Remilia felt tears brim her eyes as she showed her teeth. The djinn turned from her in time for a drowned woman to loom into Remilia's face, her fair features smiling darkly. "Hello, sweetie. My, things are taking a turn for the disastrous for you, aren't they?" Morgen beamed.

Remilia said nothing, her red-eyes staring hatefully up at her.

"Nothing to say? I don't think she likes me. Say, why haven't we done away with her?" Morgen gabbled.

"Edwin's orders. Keep her here until the delegation from Wallachia arrive. A bargain has been struck, apparently." Jill said.

"Ahh, but that is a shame." A man's voice intoned, a cultured, delicate sound. The butler floated into view, with his strong jawline, his grey-streaked hair and possessing a face as lined as mister Osbourne's. Remilia might have guessed at him being an approachable and kind-hearted sort, but for the words spoken and the light in his eyes.
"Was rather curious if the dog could do anything palatable with live vampire." Prosechtikos drawled.

"Now you've got me curious.
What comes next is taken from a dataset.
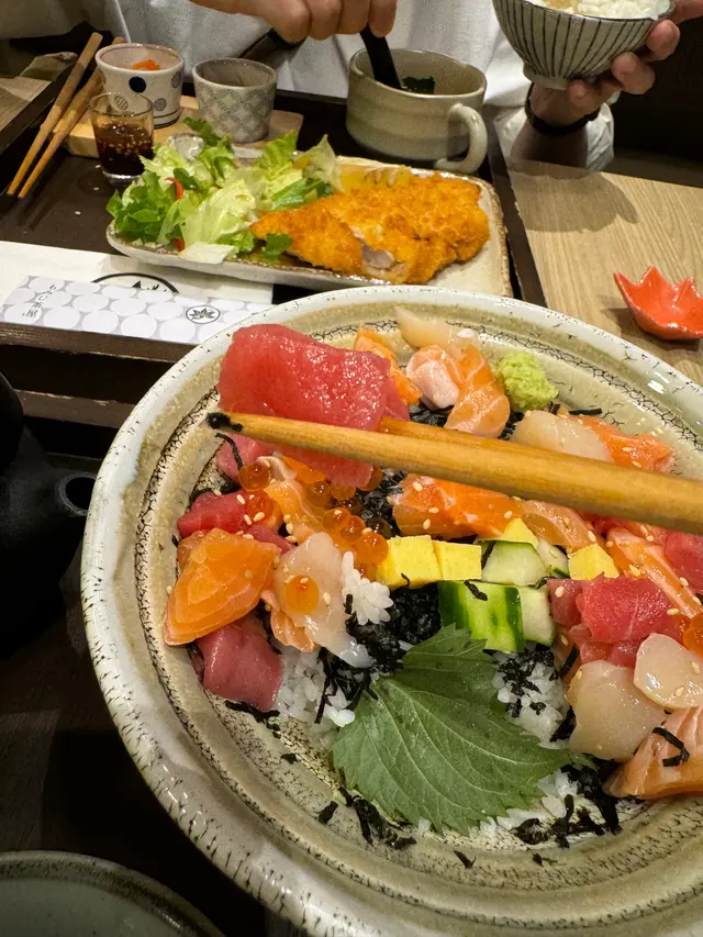 有三文魚、吞拿魚、帶子、三文魚子、甜蛋、青瓜等等,呢度啲刺身超級新鮮,海鮮味濃,肉質鮮甜、嫩滑,而且份量都唔少,真係喜出望外!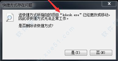 然后再找到上面第1步中提示快捷方式存在问题的文件,金山“桌面整理”的是“kdesk.exe”这个

Suppose they'd be willing to part with the flesh?" Morgen chirped, her fingers drumming the wheelbarrow's lip, "Present her head to the Wallachians, that's the bit they're after, isn't it? Or is it a vampire's heart that's the key-"

"Kill you." Remilia heard herself slur, interrupting them all.

Morgen and Prosechtikos shared a surprised look, as though spoken to by a piece of furniture. Then they began to laugh at her.
Remilia felt the cold burn of humiliation, a raspy growl rising from her throat, a sudden grip on her wrist stopping her from saying more.

"Don't." Mister Osbourne murmured.

The initial shock at hearing him speak made her stop.
She ignored the derision the butler and the water spirit directed at her, focusing on keeping her hands locked on the wound in his belly. She noticed that Jill didn't partake in the teasing. She realised the werewolf was watching her warily, only speaking up when Remilia held her gaze. "Tilghman."

"Yes, miss." A familiar shape skulked into Remilia's view. The rifleman she had let live, after Trafalgar.

"Take them to the dungeons. Be sure to keep them apart. Different blocks." Jill said.

"Your will, miss." Tilghman's voice was a hollow thing as he took up the handles. Jill's attention was still on Remilia as the vampire and the tutor were carted out of the hall and into the dark depths of the Chateau's west wing.